To the relational database person, the database is what is real, and the objects are mostly irrelevant. We want the database to enforce validity because there will always be tools outside the OO library that need to access the database and we don't want those tools to screw up the data. To us, screwing up the data is far worse than making development a little less convenient. We see SQL not as primarily a transport between the reality of the code and some kind of meaningless storage mechanism, but rather as a general purpose data restructuring tool. Most any page on most websites can be generated with just a small handful of queries if you know how to write them to properly filter, summarize and restructure the data. We see SQL as a tremendously powerful tool for everyday tasks—not as a burdensome way of inserting and retrieving records, and not as some kind of vehicle reserved for performance optimization.

At the end of the day, we need both perspectives. If the code is tedious and unpleasant to write, it won't be written correctly. The code must be written—the database absolutely should not be running a web server and servicing clients directly. OOP is still the dominant programming methodology, and for good reasons, but data encapsulation stands at odds with proper database design. But people who ignore data validity are eventually bitten by consistency problems. OODBs have failed to take off for a variety of reasons, but one that can't be easily discounted is that they are almost always tied to one or two languages, which makes it very hard to do the kind of scripting and reporting that invariably crops up with long-lived data. What starts out as application-specific data almost invariably becomes central to the organization with many clients written in many different languages and with many different frameworks.

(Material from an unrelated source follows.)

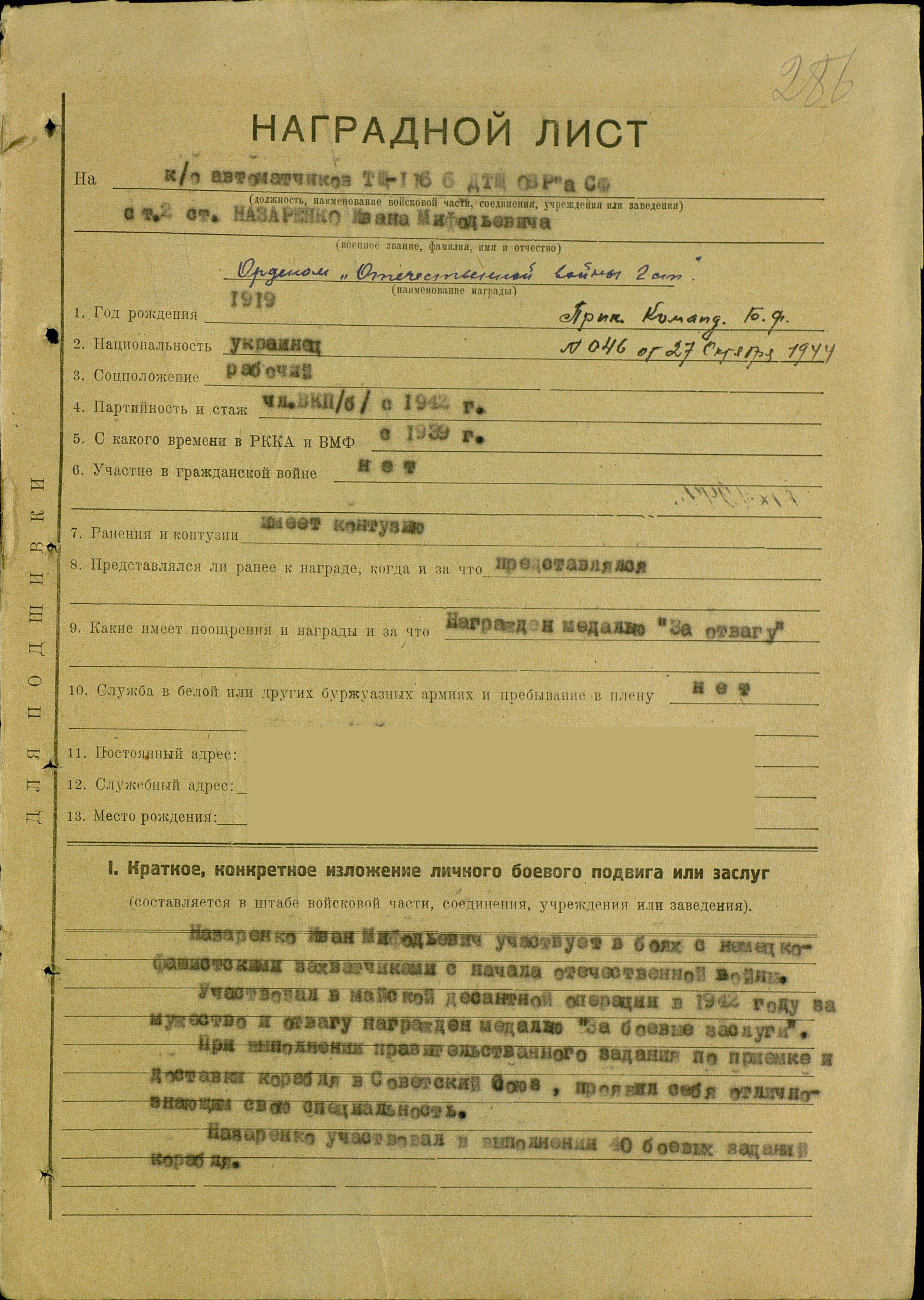 Назаренко Иван Мефодьевич, спасен; воинское звание – старшина 2 статьи; должность (специальность), часть – командир отделения автоматчиков, тральщик ТЩ-116 6 ДТЩ Бригада траления ОВР ГБ СФ (разведчик, рота разведки 12 ОБМП СФ); год рождения – 1919; место рождения – Украинская ССР, Винницкая обл., Немировский р-н, д. Березовка; партийность – член ВКП(б) с 1942 г. (кандидат в члены ВКП(б) с 1941 г.); социальное положение – рабочий; национальность – украинец; служба в армии – в РККА с 1939 г.; награды –

ORM is destined to be hated, because the people who love databases don't love the practical albeit leaky abstraction offered by ORM, and people who hate databases will resent how much effort the better ones require to be used properly.

Some thought experiments

Consider this hypothetical scenario. You run Facebook, and you have all the software and all the data. A catastrophe occurs and you lose everything, and due to a mistake in the way backups were made, you can choose to restore the software or the data, but not both. (Somehow, restoring the software will destroy the data, and restoring the data will destroy the software). Which one do you choose?

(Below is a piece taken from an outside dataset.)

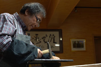 “叮叮?!薄暗钡钡薄薄徽倒碌葡?,郭海博戴着眼镜、低垂着头,一锤一錾,在一块铁皮上精雕细琢,柔和的灯光将他的头发映照得花白,锤子与铁板碰撞的声音穿透夜空。这一幕,是中国工艺美术大师、“郭氏铁板浮雕”传承的日常,他用一锤一錾雕刻出了“起伏”的人生,也雕刻出了女儿郭墨涵的成长刻度,两代人的接续传承,让铁板浮雕技艺一路生花。
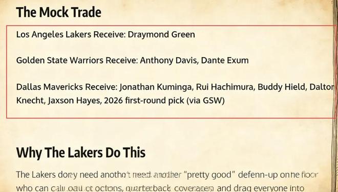 比如,美媒《Fadeaway World》便撰文提出了一套3方交易方案,引發(fā)多方關(guān)注。具體方案為——

Of course, this scenario is unlikely, but it should serve to demonstrate that to the rest of the organization (the non-programmers), the code is secondary to the data it manages. You can rewrite the code, but you can't always recreate the data. When you look at our database backup, migration and refactoring tools and compare them to what we have for source code management, it's clear that we spend more time worrying about the code than the data. That's not inappropriate (we work on code all day) but it can lead to a myopic view of the importance of the data.

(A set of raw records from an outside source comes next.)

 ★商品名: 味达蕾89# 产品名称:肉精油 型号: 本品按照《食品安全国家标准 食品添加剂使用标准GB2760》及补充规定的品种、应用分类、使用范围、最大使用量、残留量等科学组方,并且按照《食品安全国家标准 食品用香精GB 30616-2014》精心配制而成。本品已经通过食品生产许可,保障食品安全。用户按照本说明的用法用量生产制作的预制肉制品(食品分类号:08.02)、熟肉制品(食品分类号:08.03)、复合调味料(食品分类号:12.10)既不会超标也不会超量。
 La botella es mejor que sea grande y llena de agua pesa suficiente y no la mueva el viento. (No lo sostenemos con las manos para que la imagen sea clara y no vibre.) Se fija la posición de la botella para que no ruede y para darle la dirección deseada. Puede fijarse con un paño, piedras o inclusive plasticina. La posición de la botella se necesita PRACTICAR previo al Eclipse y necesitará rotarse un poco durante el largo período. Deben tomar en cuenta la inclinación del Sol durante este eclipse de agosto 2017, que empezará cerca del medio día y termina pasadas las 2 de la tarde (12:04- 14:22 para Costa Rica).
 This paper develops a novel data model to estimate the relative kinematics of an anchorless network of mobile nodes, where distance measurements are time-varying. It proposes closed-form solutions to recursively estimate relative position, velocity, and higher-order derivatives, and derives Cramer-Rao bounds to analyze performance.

Another thought experiment posed by jshen on HN points out that data validity is secondary to monetization, and that if the business finds a way to increase monetization while causing a low rate of data corruption, it may be worth sacrificing validity. This is a fair point, and I think this illustrates why NoSQL is a winning proposition for many companies. If scalability and speed are more valuable then they can represent a better choice—especially if the data is cheap or can be recreated without too much trouble (or on demand).

(This article was derived from this comment I left on HN).